For AsyncOpenAI, the same instrument_client works — it inspects client.chat.completions.create at entry and installs an awaitable patched method when the underlying one is async def. instrument_tools mirrors per-tool: async def tools come back awaitable, sync tools stay sync. The with block is still a regular with:

import asyncio
from openai import AsyncOpenAI
from agentprdiff.adapters.openai import instrument_client, instrument_tools

async def my_agent_async(query: str):
    client = AsyncOpenAI()
    with instrument_client(client) as trace:
        tools = instrument_tools(TOOL_MAP, trace)
        response = await client.chat.completions.create(...)
        # ... await tools[name](**args) for async tools, tools[name](**args) for sync ...
        return final_text, trace

def my_agent(query: str):
    return asyncio.run(my_agent_async(query))
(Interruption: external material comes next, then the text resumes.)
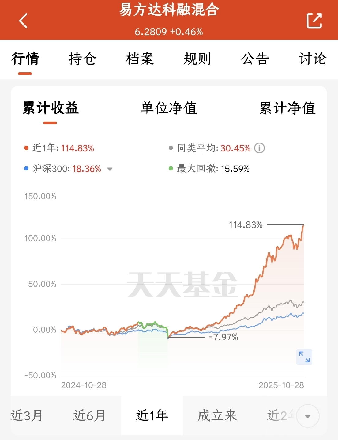 当下科技板块震荡加剧,配置单一领域风险偏高。$易方达科融混合$ 在此结构性行情下,均衡分散覆盖科技、新能源、军工等板块,有效降低组合波动。其严控回撤、业绩稳健的特性,适合风险敏感却又希望把握科技红利的长期小伙伴。在当前轮动频繁的市场环境下,不失为攻守兼备的选择。
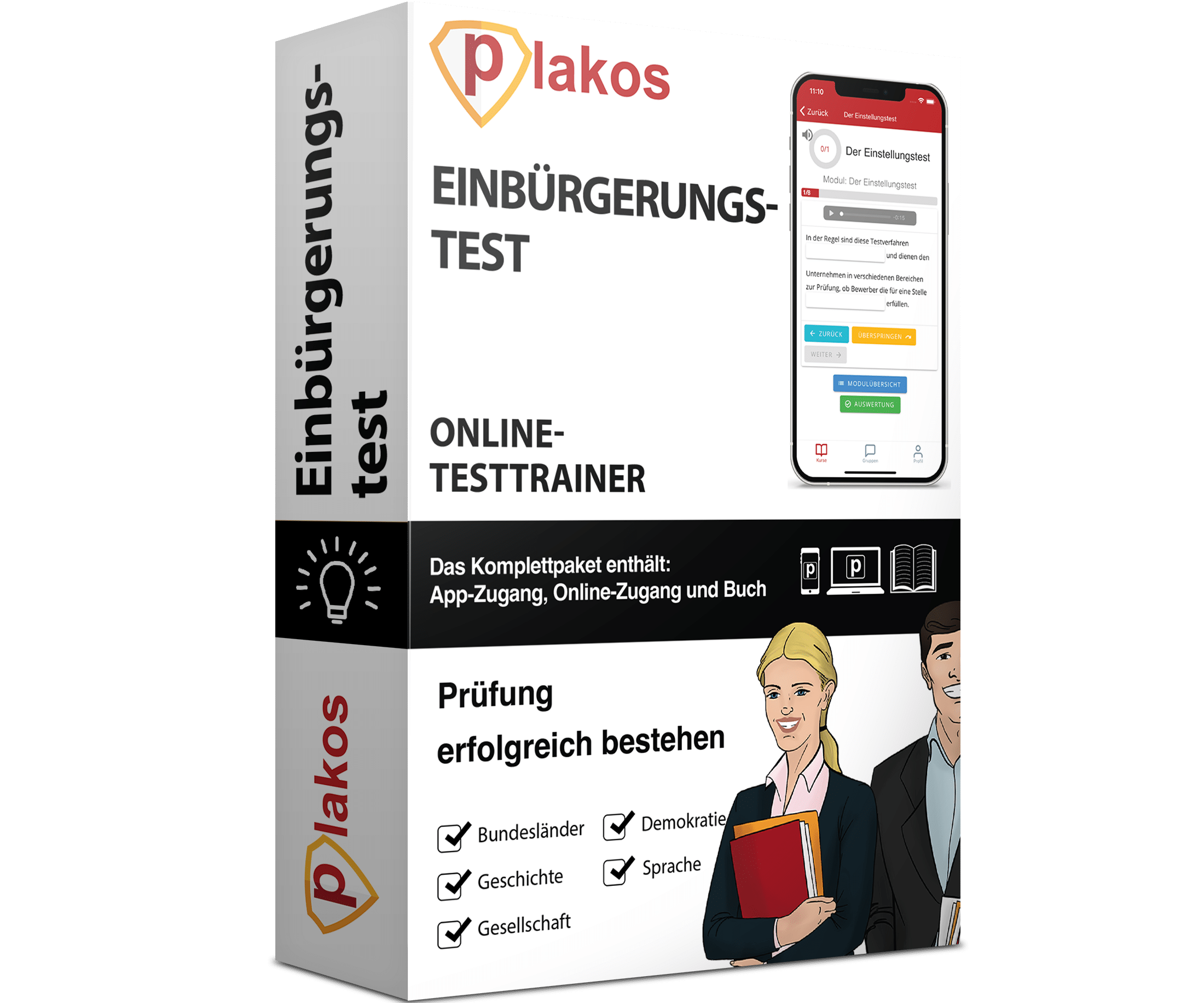 Online Test-Vorbereitung mit zahlreichen interaktiven Übungsaufgaben und Lerneinheiten – die perfekte Vorbereitung auf deinen Einbürgerungstest. Starte selbstbewusst in die Prüfung! Jetzt inklusive Plakos KI-Trainer!

The patch is scoped to the specific client instance and reversed when the with block exits — no global SDK state is touched. Anthropic adopters use agentprdiff.adapters.anthropic with the same shape (sync clients today; async Anthropic is on the roadmap).

See docs/adapters.md for the full reference, including pricing overrides, custom provider tags, and recipes for nested agents.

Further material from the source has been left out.